Семейство государева изменника Шеина сослать в понизовые города.
Князя Прозоровского и князя Белосельского и Измайлова сослать в Сибирь.
Прочих судимых лиц, имярек, сослать в Сибирь или заточить в московских темницах.
Ни словом не возразил против казни своего сродника Шеина ближний боярин Борис Иванович Морозов. В такой оказии ближе был ему другой сродник — Царь Михаил Федорович.
На царско-боярском суде Шеин, Измайлов и другие государевы изменники не присутствовали, потому что не могли ни стоять, ни сидеть. Приговор объявил Шеину Трубецкой. Пришел с дьяком Бормосовым в темницу и весело сказал, шумно вдохнув ноздрями воздух:
— Нет, Михайла, слаще вражьего трупа, а ты уже труп, Михайла, падаль вонючая, мать твою… Вот твой приговор!
Приговор перечислял подробно все «измены» Шеина: злонамеренно мешкотный поход осенью 1632 года из Можайска к Смоленску. И смерть в пути тысяч ратных людей. Укрепление во время этого мешкотного похода польско-литовскими людьми Смоленска. Урон от частых и нежданных нападений и вылазок врага под Смоленском из-за предательского небрежения Шеина и других воевод. Утайка подлинного числа пробивавшихся в Смоленск польско-литовских людей. Настырные требования присылки большого пушечного наряда, перевезенного вследствие этих изменических домогательств Шеина по весеннему плохому пути с большими убытками. Предательские приступы к Смоленску не тайком и не ночью, а днем в открытую. Предательское приказание Шеина стрелять из пушечного наряда по своим же людям (это показали князья Прозоровский и Белосельский). Ведение Шеиным промысла под Смоленском по своему изменническому и вражьему наущению вопреки всем благим советам русских и иноземных ратных людей. Запрещение Шеиным вступать в сражение с приходившими отрядами противника. Отказ Шеина от нападения русских войск на Красное, когда там стояли Гонсевский и Радзивилл с небольшим отрядом…

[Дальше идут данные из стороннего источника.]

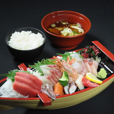 ランチも一切ぬかりなし!その日水揚げされた新鮮な魚介類をふんだんに使用した海鮮丼をはじめ、定番、ガッツリ、さっぱり、あっさりと皆喜ぶメニューが勢ぞろい!名物の刺身定食は生の本まぐろを使用した一品。その他、日替わり定食も実施中!
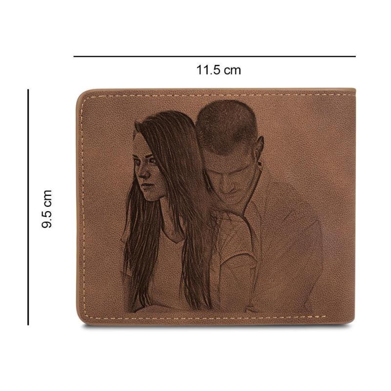 Carteira Masculina Dupla com Foto Personalizada com Inscrição com Duas Fotos - Couro Castanho
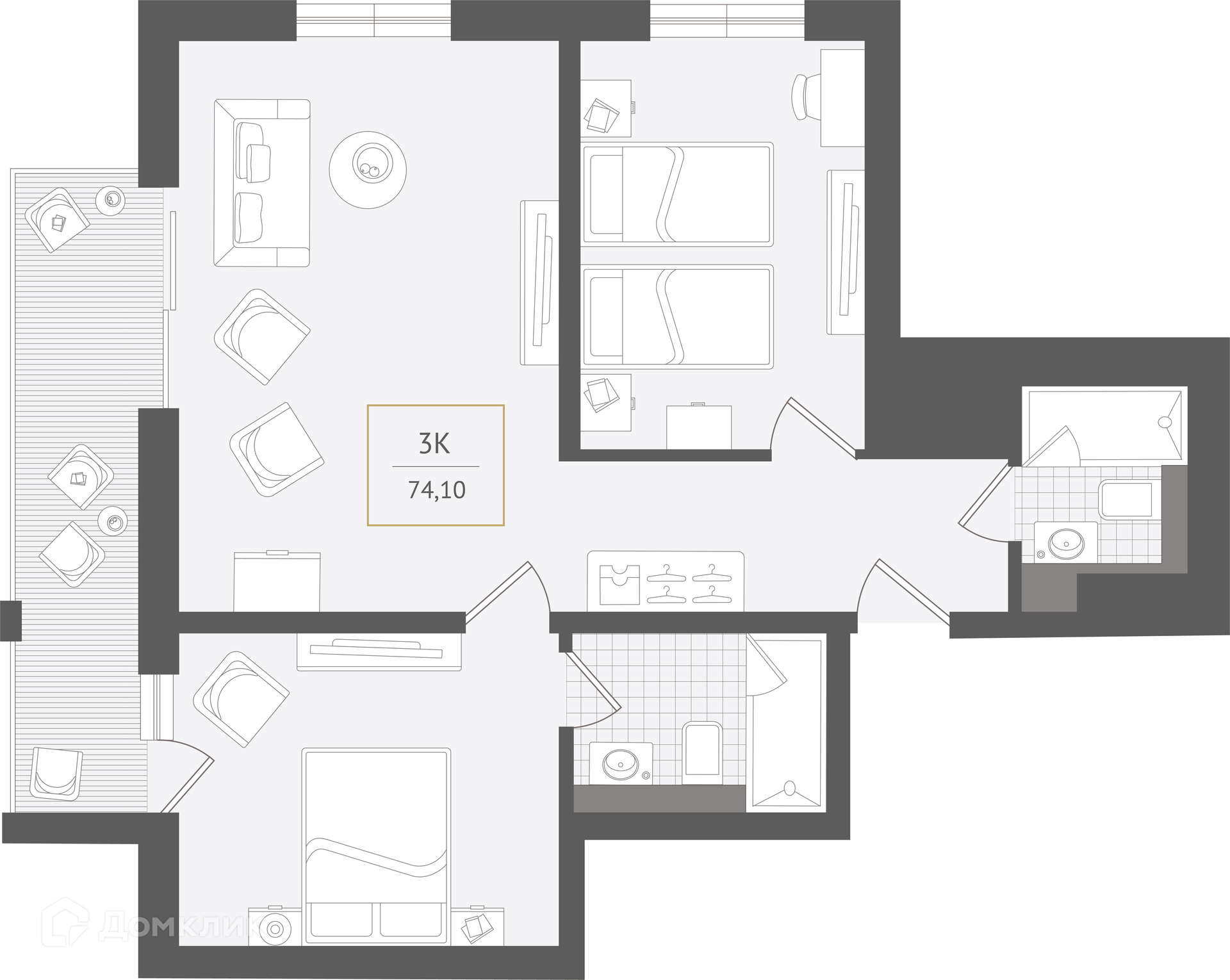 - ✅ Общая площадь: 74.1 м².
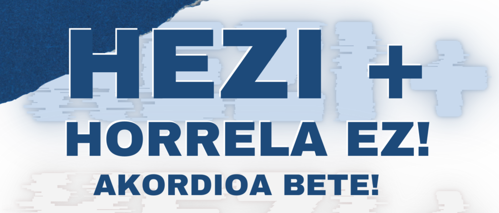 Horrez gain, Hezkuntza Sailak 2025eko maiatzaren 9an sinatutako akordio arautzailean adostutako puntu garrantzitsu bat osotasunean bete gabe jarraitzen du oraindik, eskola-orduen jaitsieragatiko beharrezkoak diren baliabideak esleitzea, alegia; orain, gainera, HEZI+ ebazpenarekin, beste pausu bat eman du akordioaren urraketan, bigarren hezkuntzan gehienezko 17 eskola-orduei ordubete gehitzeari atea irekiz.
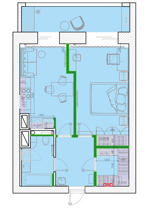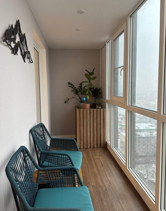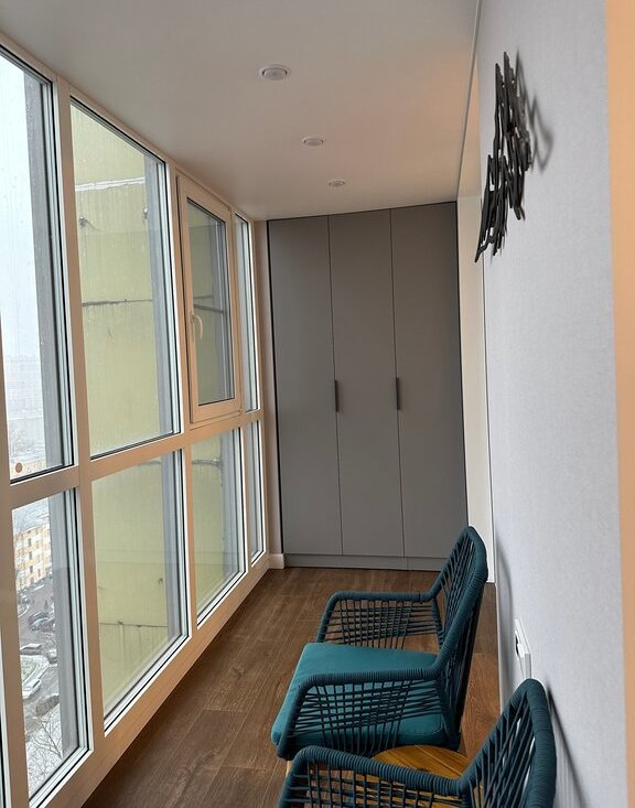- Мебель и текстиль: вся необходимая мебель, в том числе зона отдыха на балконе, постельное бельё, комплекты полотенец, полный набор посуды и кухонных принадлежностей.
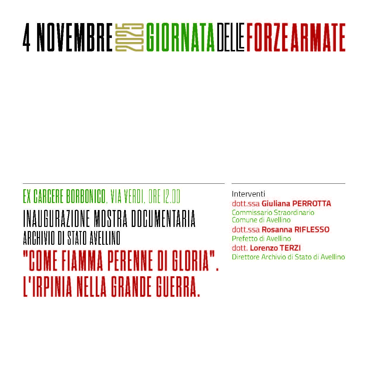 A chiudere le celebrazioni, alle 12:00, sarà l’inaugurazione presso l’Archivio di Stato di Avellino della mostra “Come fiamma perenne di gloria. L’Irpinia nella Grande Guerra”. Questa mostra è un’occasione unica per scoprire come la nostra terra abbia partecipato a quel grande evento che ha segnato profondamente la storia italiana ed europea.
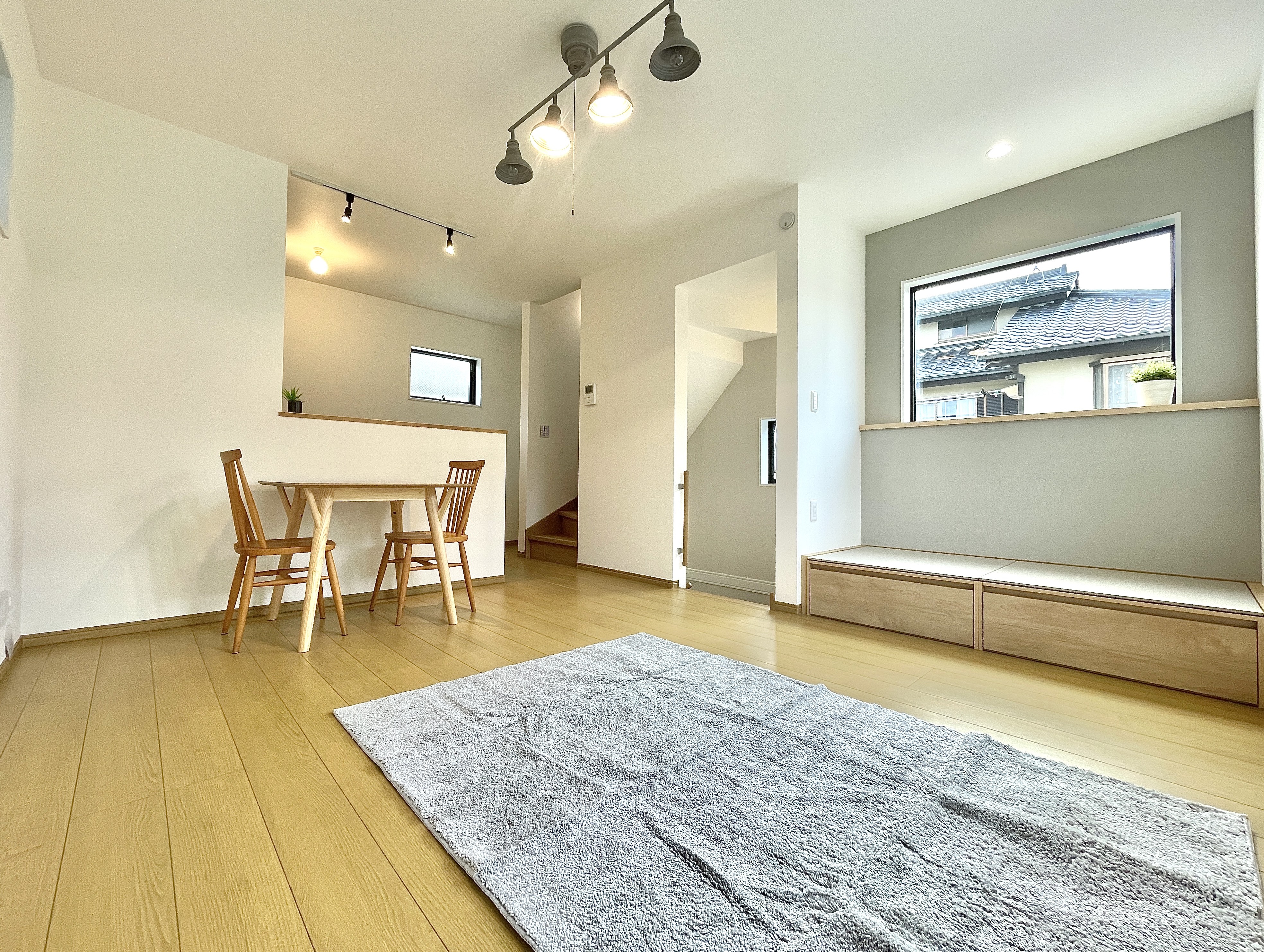 開放感あふれる大きめのFIX窓・足元には収納もたっぷり備え、見た目も使い勝手も両立した心地よい空間に仕上げました ♪
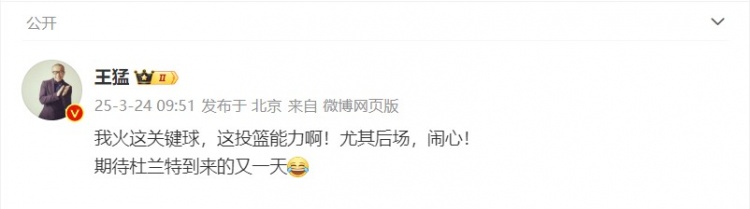 王猛在個(gè)人微博上寫(xiě)道:“我火這關(guān)鍵球,這投籃能力啊!尤其后場(chǎng),鬧心!
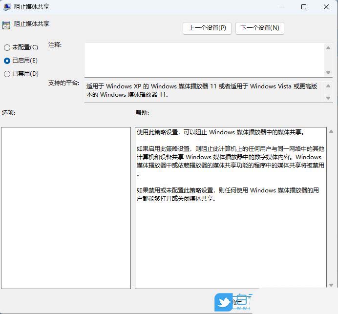 4、阻止媒体共享窗口中,将其设置更改选择为已启用选项,然后点击确定即可;
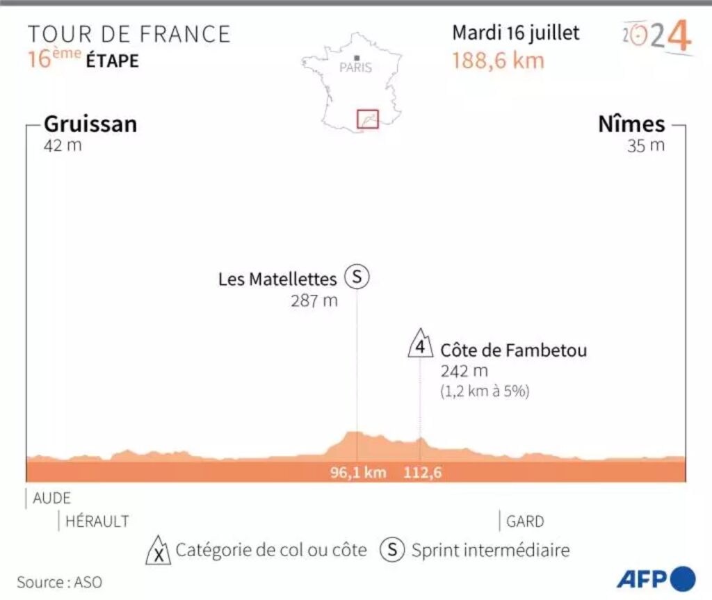 | Présentation du profil de l'étape 16 du Tour de France le 16 juillet entre Gruissan et Nîmes. |
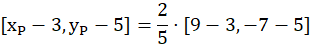 Podaj współrzędne punktu P, jeżeli |AP| : |PB| = 2 : 3. Wiadomo, że A(3,5), B(9,-7).
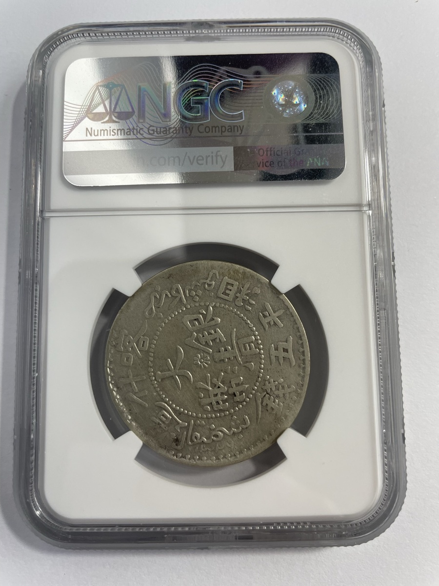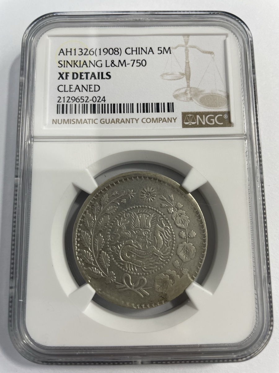 China. Imperial. Xinjiang Province (Sinkiang). 5 Miscals, Kashgar AH 1326 (1908). Dragon within beaded circle, wreath around; date upper left. Y.25.1, L&M 750. NGC XF Details, cleaned.
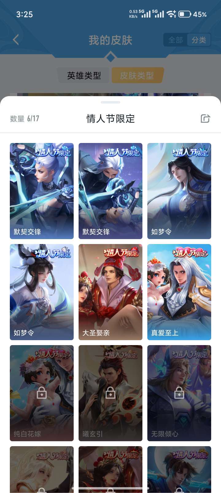 装备描述:V8各大限定皮肤!年限皮肤!鼠年限定!限定皮肤133个! 皮肤总数327!
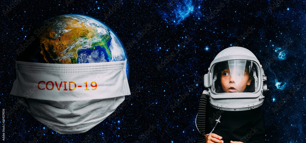 The whole earth is quarantined, the earth is wearing a mask Coronavirus and Air pollution pm2.5 concept. COVID-19 Elements of this image furnished by NASA
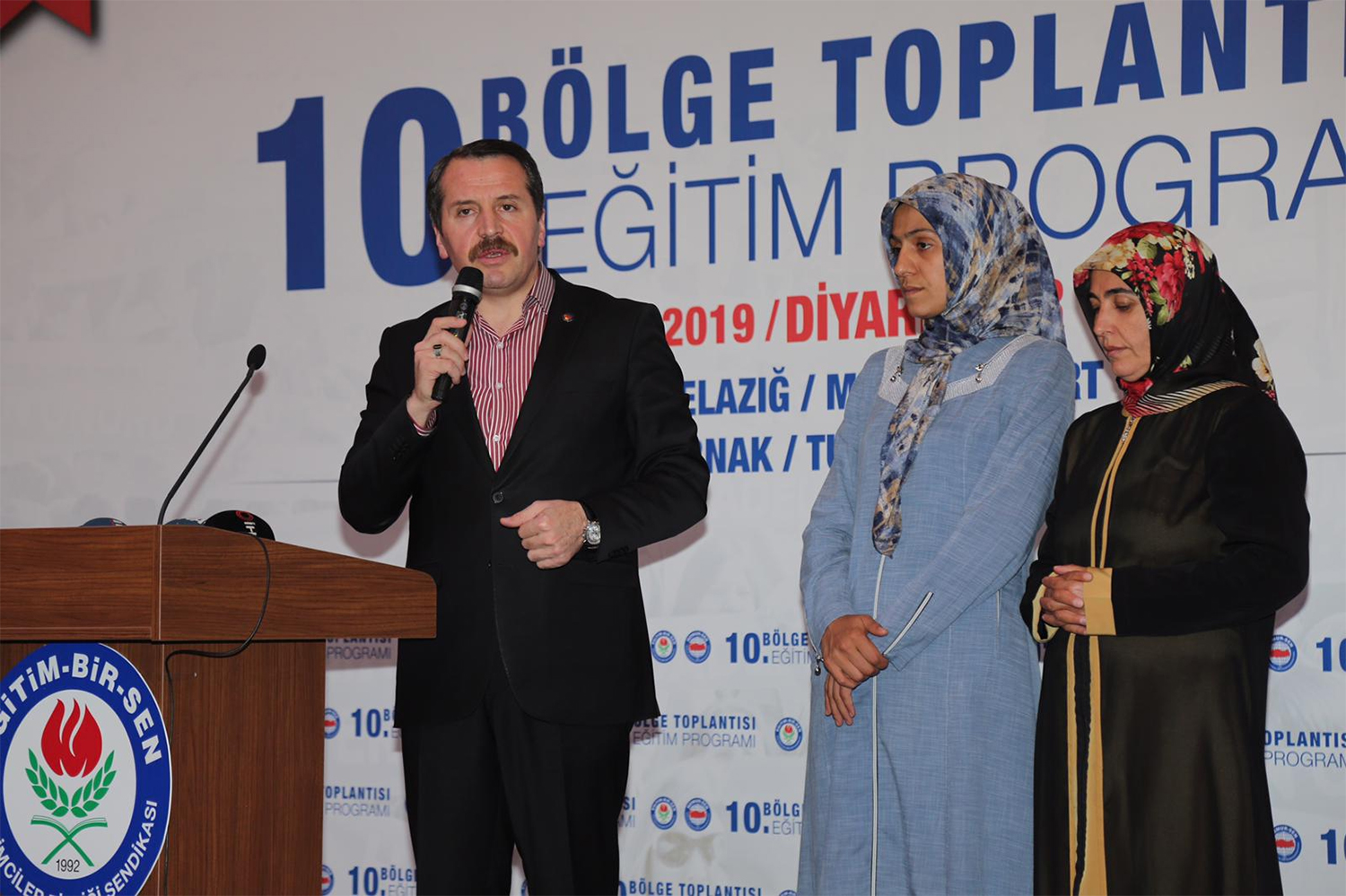 Bugüne kadar 150’den fazla öğretmenin PKK tarafından katledildiğine dikkat çeken Yalçın, “Çukur teröründe bölgede on binlerce okul çağı çocuk eğitimdenmahrum bırakıldı. Çatışmalı bölgelerde bazı okullar eğitim yılı boyunca hiç eğitim veremedi. Yüzlerce okul örgüt üyeleri tarafından tahrip edildi. Okul boykotlarıyla çocuklar eğitimsiz bırakılmak istendi. En küçük bir şeyde kınama yarışına girenler, PKK’nın cürümlerinde suspus oldular. O nedenle diyoruz ki ne ABD ne AB ne de başka bir emperyalist ülkeannelerin, babaların bu acısını anlayamaz.Çünkü onların çıkarı bizim birbirimize düşmemize, daha fazla fakirleşmemize, bu bölgede daha fazla kan akmasına bağlıdır. Onların derdi, burayı daha fazla sömürmek, İsrailbaşta olmak üzere, çıkar ortaklığı yaptığı devletlerin ve kuklaların güvenliğini sağlamak, bunun için de taşeron örgütler üzerinden vekâlet savaşları yürütmektir. Onların derdi, PKK ve benzeri tüm örgütleri emperyalist emelleri için kullanmak, Müslüman Kürtleri emperyalizmin çıkarlarına kurban etmek. İşte bugün bu oyuna en büyük, en etkili, en sahici itirazı Diyarbakır’daki annelerimiz gerçekleştiriyor. Eğitimciler olarak, Necmettin öğretmenini, Aybüke öğretmenini kaybetmiş, bunun gibi yüzlerce kardeşini yitirmiş bir kitleyiz. Biz bu acıyı biliyoruz. Biz bu yürek yangınını tanıyoruz. Bu yangının terörü, terörizmi, vicdansızlığı, namussuzluğu yakıp yok edecek güçte olduğunu da biliyoruz. Ve biliyoruz ki bu ülkede terör bitecekse, bunu annelerin samimi direnişi, yürekliliği ve merhameti bitirecektir” ifadelerini kullandı.

И снова Шеин не верил своим ушам. Все ложь, ложь, ложь!.. Под Красное он посылал еще Лермонта и писал об этом Царю!.. Оказывается, бояре охотно верили любой лжи о нем, как бы чудовищна и нелепа она ни была, когда им следовало бы судить за небрежение Трубецкого и Шереметева!..
А Трубецкой все читал и читал, внятно, с чувством, с ликующим злорадством:
— Захват Шеиным вкупе с Измайловым деревень с рыбным промыслом в Смоленском и Дорогобужском уездах и продажа ратным людям рыбы по завышенным ценам…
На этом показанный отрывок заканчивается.